■ **Activity**:
Please output the listing exactly as it stands, but omit any images.

■ **Given data**:
++++
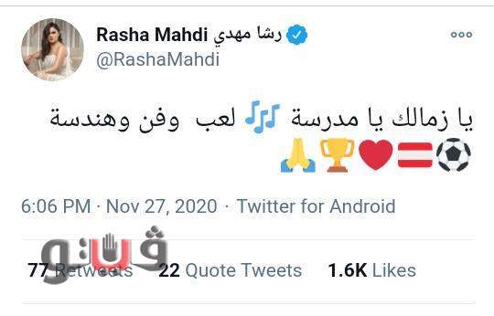 وكتبت رشا، عبر حسابها الشخصي على موقع التغريدات القصيرة "تويتر": "يا زمالك يا مدرسة لعب وفن وهندسة".
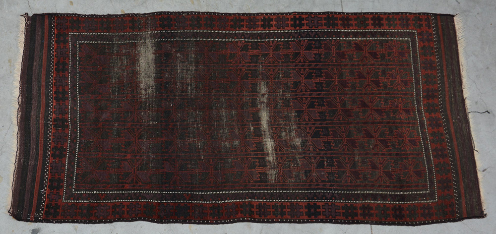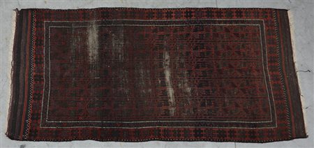 [Tappeti] Tappeto Beluchistan, Persia, fine sec. XIX. Disegno geometrico nei toni del boreadux e rosso su fondo marrone (cm 180x88) (gravi difetti)
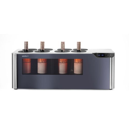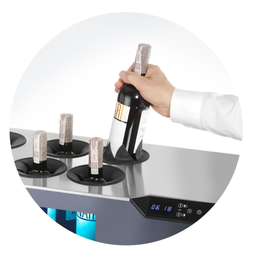 Gemaakt van roestvast staal. Wijnkoeler met twee temperatuurzones. Met touchscreenbediening. Onafhankelijk instelbare zones (3°C-18°C) houden rode en witte wijnen op de juiste serveertemperatuur. LED-verlichting in de kamer (keuze uit 3 kleuren: wit, amber, blauw). Capaciteit tot 8 flessen. Geschikt voor zowel geopende als gesloten flessen. Zorgt voor een consistente wijntemperatuur.
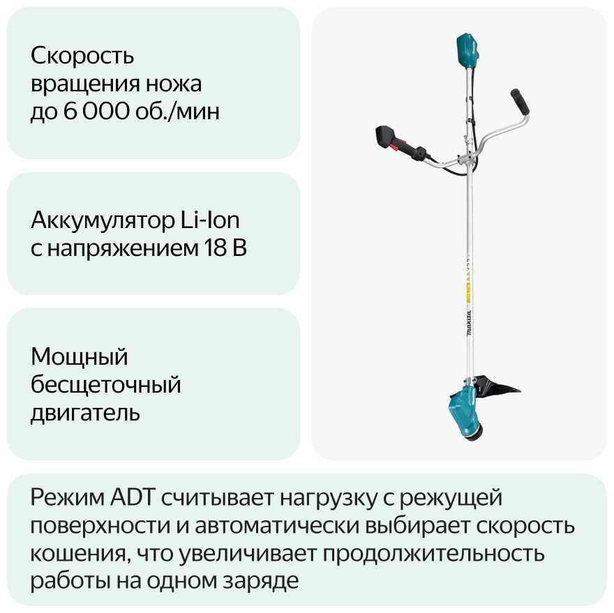 | Дополнительная информация : | кнопка реверса, 3 скорости кошения, режим ADT (автоматический выбор скорости), защита от перегрузки, защита от переразрядки, светодиодный индикатор |
++++
■ **Result for this task**:
 وكتبت رشا، عبر حسابها الشخصي على موقع التغريدات القصيرة "تويتر": "يا زمالك يا مدرسة لعب وفن وهندسة".
 [Tappeti] Tappeto Beluchistan, Persia, fine sec. XIX. Disegno geometrico nei toni del boreadux e rosso su fondo marrone (cm 180x88) (gravi difetti)
 Gemaakt van roestvast staal. Wijnkoeler met twee temperatuurzones. Met touchscreenbediening. Onafhankelijk instelbare zones (3°C-18°C) houden rode en witte wijnen op de juiste serveertemperatuur. LED-verlichting in de kamer (keuze uit 3 kleuren: wit, amber, blauw). Capaciteit tot 8 flessen. Geschikt voor zowel geopende als gesloten flessen. Zorgt voor een consistente wijntemperatuur.
 | Дополнительная информация : | кнопка реверса, 3 скорости кошения, режим ADT (автоматический выбор скорости), защита от перегрузки, защита от переразрядки, светодиодный индикатор |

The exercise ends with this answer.